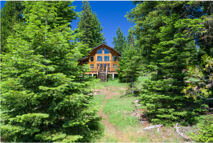
Luxury Cabin, Typical of 9 on the property
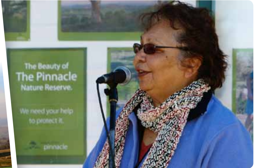
Matilda House welcoming us to Country
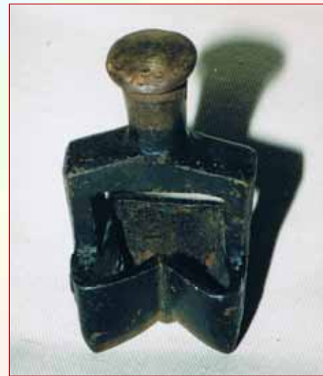
The die used to punch out the tissue butterflies was designed by magical craftsman Paul Fox.
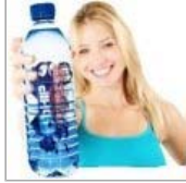
I BELIEVE in bHip Global
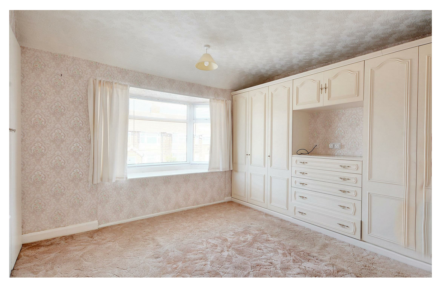
** GUIDE PRICE £190,000 - £200,000 ** *** MUST VIEW ***

Robert Ellis Estate Agents are delighted to offer to the market this TWO DOUBLE BEDROOM SEMI-DETACHED property situated in the heart of Arnold, Nottingham.

★ ★ ★ ★

Extract all the data above exactly, excluding every picture.

__Response__
Luxury Cabin, Typical of 9 on the property
Matilda House welcoming us to Country
The die used to punch out the tissue butterflies was designed by magical craftsman Paul Fox.
I BELIEVE in bHip Global
** GUIDE PRICE £190,000 - £200,000 ** *** MUST VIEW ***

Robert Ellis Estate Agents are delighted to offer to the market this TWO DOUBLE BEDROOM SEMI-DETACHED property situated in the heart of Arnold, Nottingham.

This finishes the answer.